-- DATA SECTION follows --
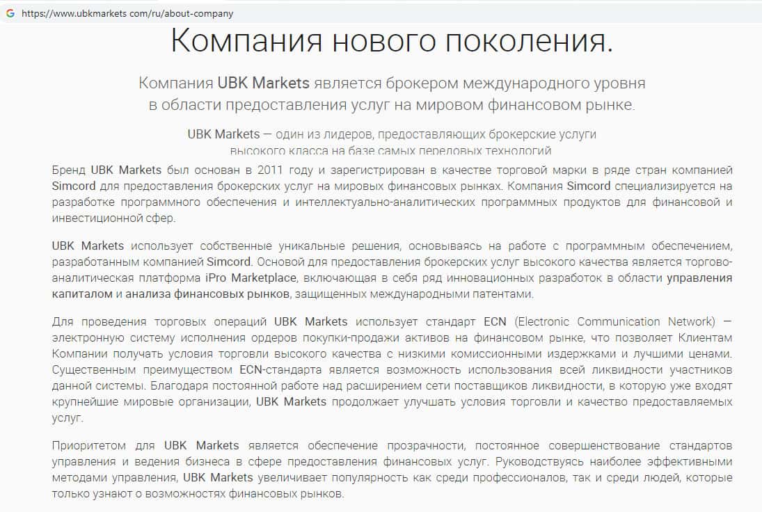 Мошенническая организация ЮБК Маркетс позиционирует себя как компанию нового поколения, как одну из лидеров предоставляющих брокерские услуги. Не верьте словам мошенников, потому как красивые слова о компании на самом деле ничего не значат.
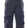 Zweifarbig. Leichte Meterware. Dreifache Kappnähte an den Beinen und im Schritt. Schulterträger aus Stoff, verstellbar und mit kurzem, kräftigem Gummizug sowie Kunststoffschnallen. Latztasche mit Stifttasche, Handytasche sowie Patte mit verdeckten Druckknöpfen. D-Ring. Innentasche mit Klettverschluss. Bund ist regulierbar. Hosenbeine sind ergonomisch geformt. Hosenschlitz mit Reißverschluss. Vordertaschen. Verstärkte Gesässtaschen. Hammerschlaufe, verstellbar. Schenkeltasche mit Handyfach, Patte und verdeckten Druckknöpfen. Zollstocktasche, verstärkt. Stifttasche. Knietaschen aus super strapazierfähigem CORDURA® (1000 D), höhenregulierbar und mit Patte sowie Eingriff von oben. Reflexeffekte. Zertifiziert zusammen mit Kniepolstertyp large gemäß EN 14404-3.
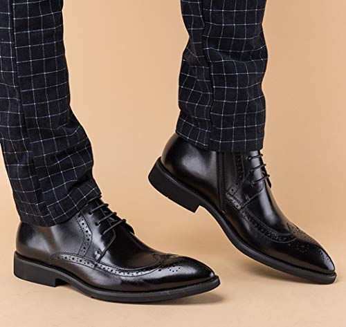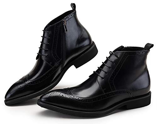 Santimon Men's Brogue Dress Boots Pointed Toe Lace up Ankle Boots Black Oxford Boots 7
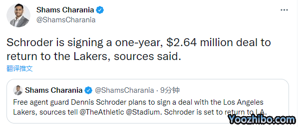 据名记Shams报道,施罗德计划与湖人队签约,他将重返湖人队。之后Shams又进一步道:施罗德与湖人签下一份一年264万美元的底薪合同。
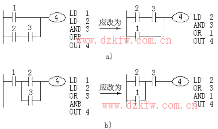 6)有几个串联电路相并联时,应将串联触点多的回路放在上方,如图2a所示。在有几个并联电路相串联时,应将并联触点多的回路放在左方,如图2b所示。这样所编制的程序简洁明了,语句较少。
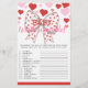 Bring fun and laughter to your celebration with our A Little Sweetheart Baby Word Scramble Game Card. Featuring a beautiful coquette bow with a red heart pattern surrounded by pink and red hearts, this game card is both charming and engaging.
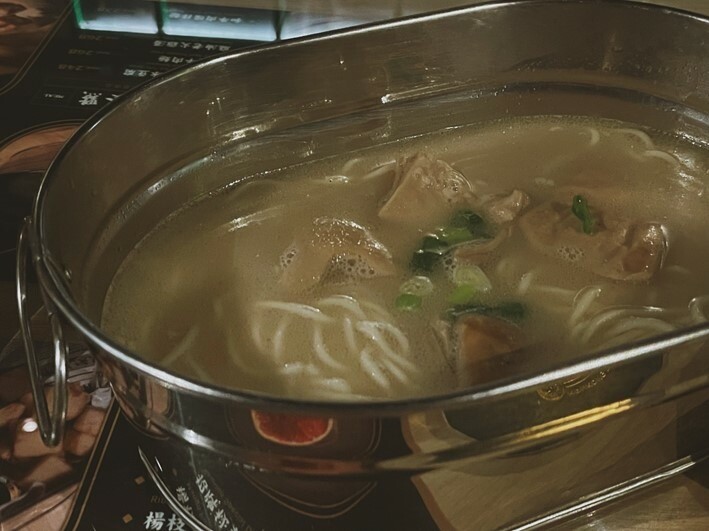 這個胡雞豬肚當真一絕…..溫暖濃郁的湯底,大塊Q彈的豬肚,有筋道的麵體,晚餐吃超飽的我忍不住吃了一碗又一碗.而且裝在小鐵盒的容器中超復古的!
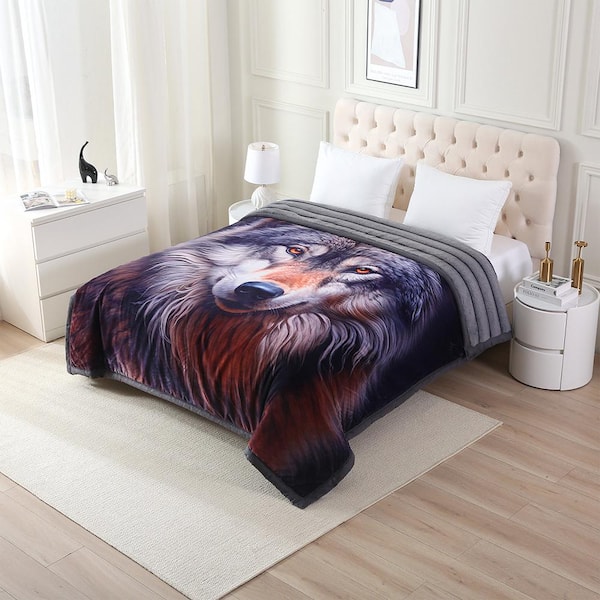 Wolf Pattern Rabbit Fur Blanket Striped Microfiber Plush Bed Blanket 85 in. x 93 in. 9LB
-- DATA SECTION concluded --
# WHAT IS NEEDED:
Only the lines from the start of the records to the one containing "Zweifarbig. Leichte Meterware." should be repeated, exactly and with both ends kept; drop any pictures.

# EXERCISE SOLUTION:
 Мошенническая организация ЮБК Маркетс позиционирует себя как компанию нового поколения, как одну из лидеров предоставляющих брокерские услуги. Не верьте словам мошенников, потому как красивые слова о компании на самом деле ничего не значат.
 Zweifarbig. Leichte Meterware. Dreifache Kappnähte an den Beinen und im Schritt. Schulterträger aus Stoff, verstellbar und mit kurzem, kräftigem Gummizug sowie Kunststoffschnallen. Latztasche mit Stifttasche, Handytasche sowie Patte mit verdeckten Druckknöpfen. D-Ring. Innentasche mit Klettverschluss. Bund ist regulierbar. Hosenbeine sind ergonomisch geformt. Hosenschlitz mit Reißverschluss. Vordertaschen. Verstärkte Gesässtaschen. Hammerschlaufe, verstellbar. Schenkeltasche mit Handyfach, Patte und verdeckten Druckknöpfen. Zollstocktasche, verstärkt. Stifttasche. Knietaschen aus super strapazierfähigem CORDURA® (1000 D), höhenregulierbar und mit Patte sowie Eingriff von oben. Reflexeffekte. Zertifiziert zusammen mit Kniepolstertyp large gemäß EN 14404-3.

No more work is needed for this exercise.